Available data

______

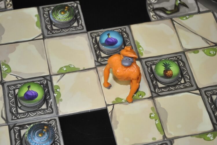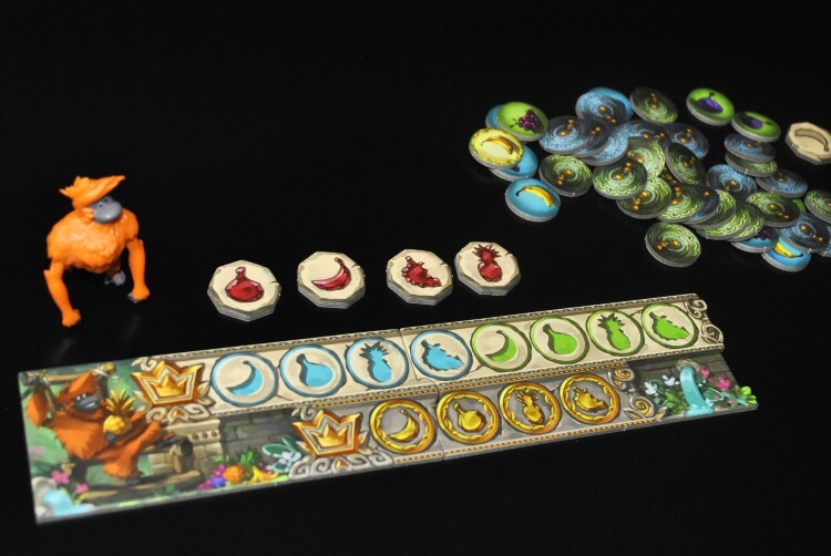 Ogni giocatore sceglie uno dei due oranghi, lo prende e prenderà anche la relativa plancia giocatore e un set di 4 gettoni rubino (tutti i gettoni devono avere un frutto diverso).
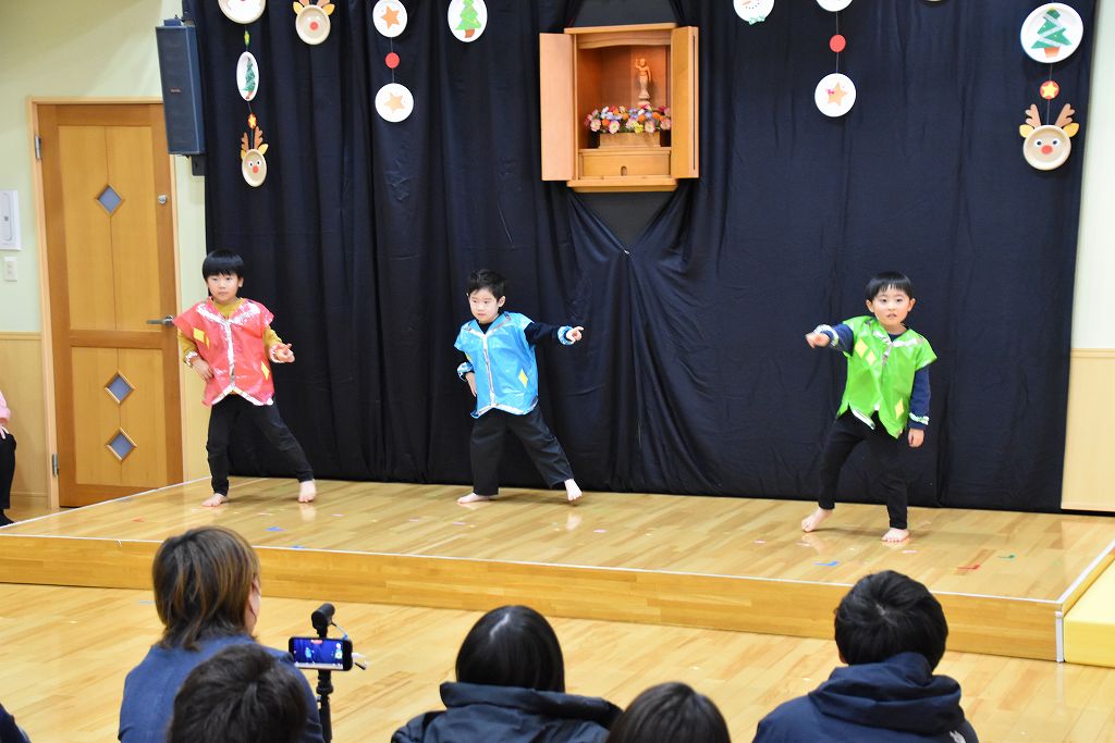 星組男児3名。人数が少ないんです、ずっと。女児に圧倒されながら癒し担当(?)な星組男児です。この曲にすると聞いた時、大丈夫!?と思いましたが、イメージが一新。かっこいい!曲のかっこよさ、本家と同じ振り付けを取り入れたと担任のまなか先生。この子達が来年度の花組です!がんばれ!
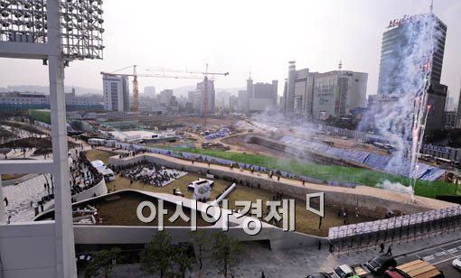 오세훈 서울시장, 앙드레김, 하일성 야구 해설위원등 주요인사들이 참석한 가운데 개장 행사가 열리고 있다.
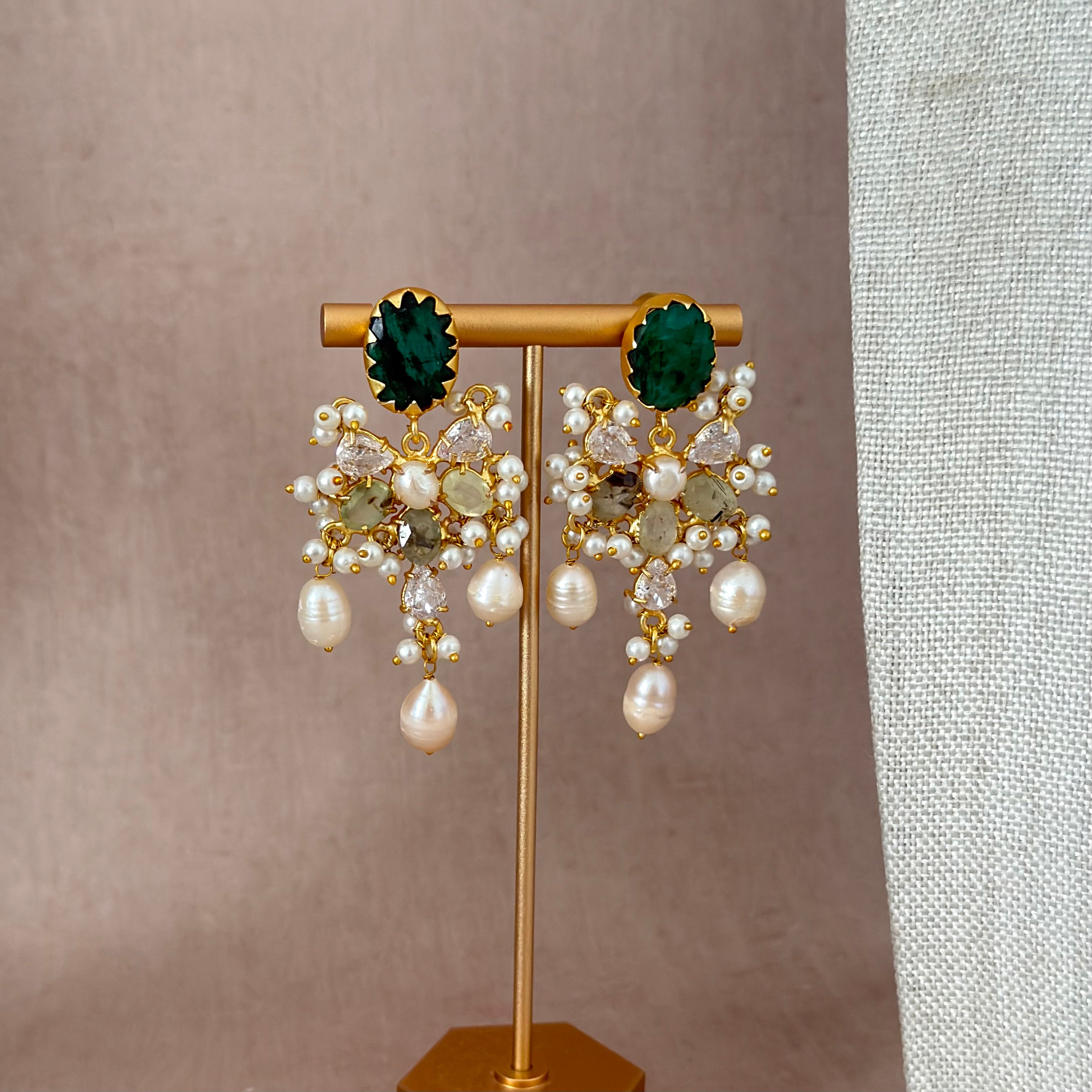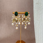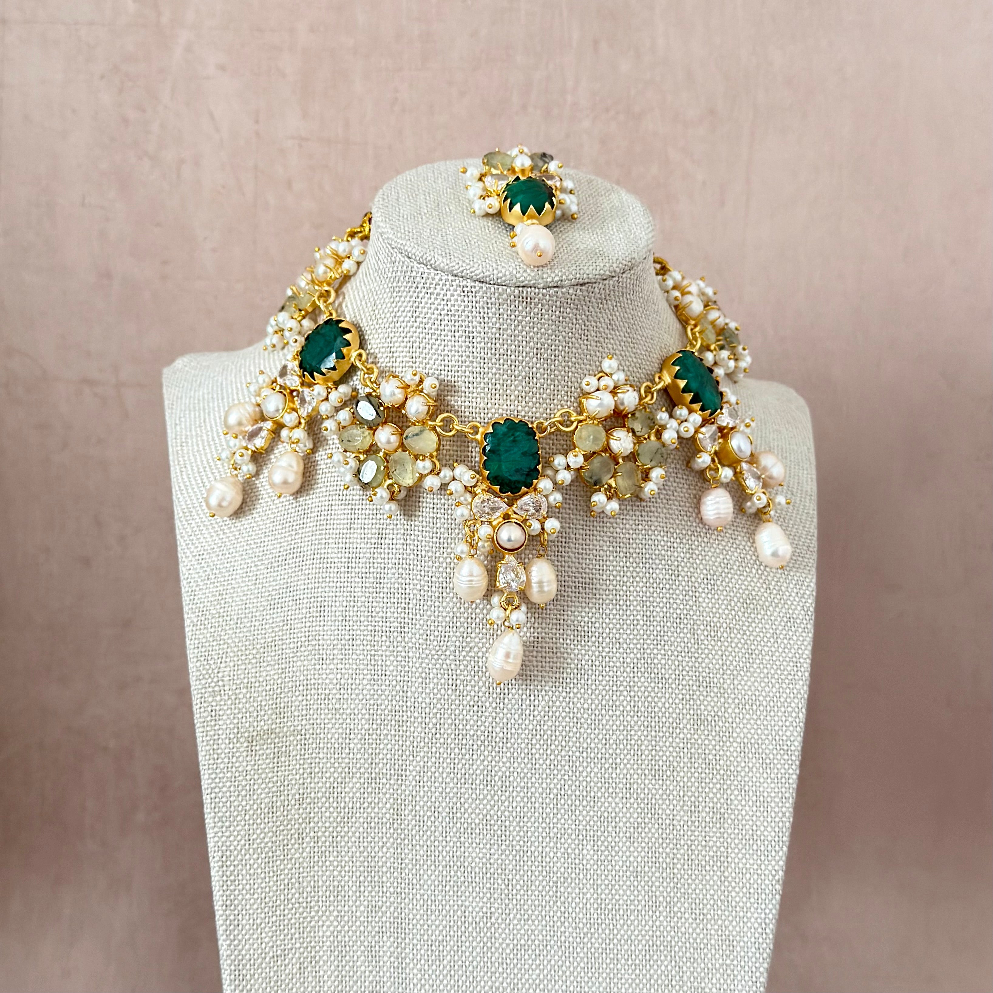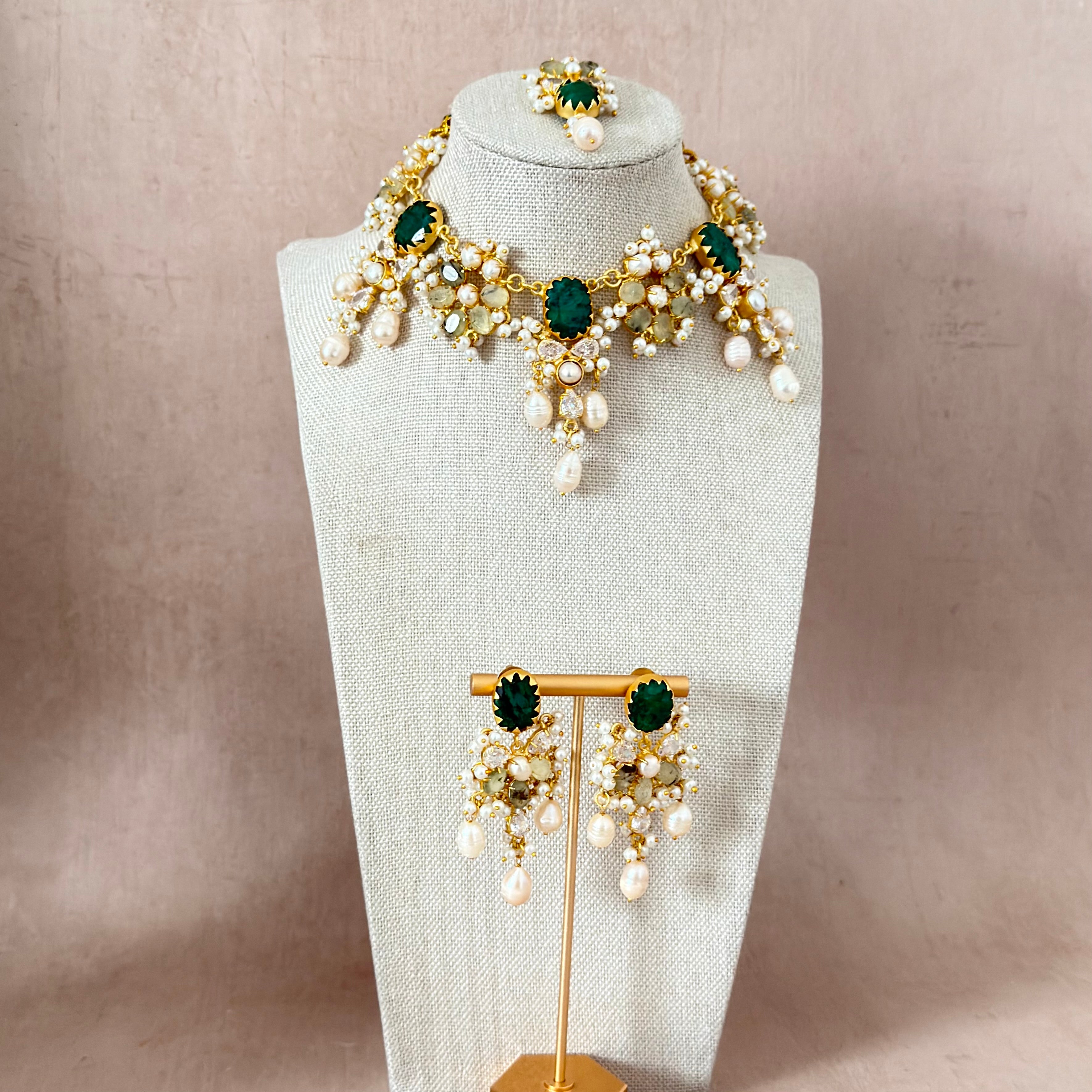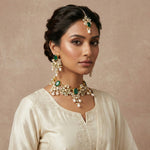 The Ria Green Pearl Necklace Set brings together pearls, green corundum, and prehnite stone in one cohesive design. This three-piece ensemble features a striking statement necklace paired with coordinating drop earrings and a tikka, creating a complete look that works beautifully for formal occasions. Discover our new jewellery that combines natural beauty with understated sophistication.

______

Aim of the task
Nothing should be printed except the lines from the one with "星組男児3名。人数が少ないん" through the last line of the listing above, both ends included; please drop the pictures.

Output for this task
 星組男児3名。人数が少ないんです、ずっと。女児に圧倒されながら癒し担当(?)な星組男児です。この曲にすると聞いた時、大丈夫!?と思いましたが、イメージが一新。かっこいい!曲のかっこよさ、本家と同じ振り付けを取り入れたと担任のまなか先生。この子達が来年度の花組です!がんばれ!
 오세훈 서울시장, 앙드레김, 하일성 야구 해설위원등 주요인사들이 참석한 가운데 개장 행사가 열리고 있다.
 The Ria Green Pearl Necklace Set brings together pearls, green corundum, and prehnite stone in one cohesive design. This three-piece ensemble features a striking statement necklace paired with coordinating drop earrings and a tikka, creating a complete look that works beautifully for formal occasions. Discover our new jewellery that combines natural beauty with understated sophistication.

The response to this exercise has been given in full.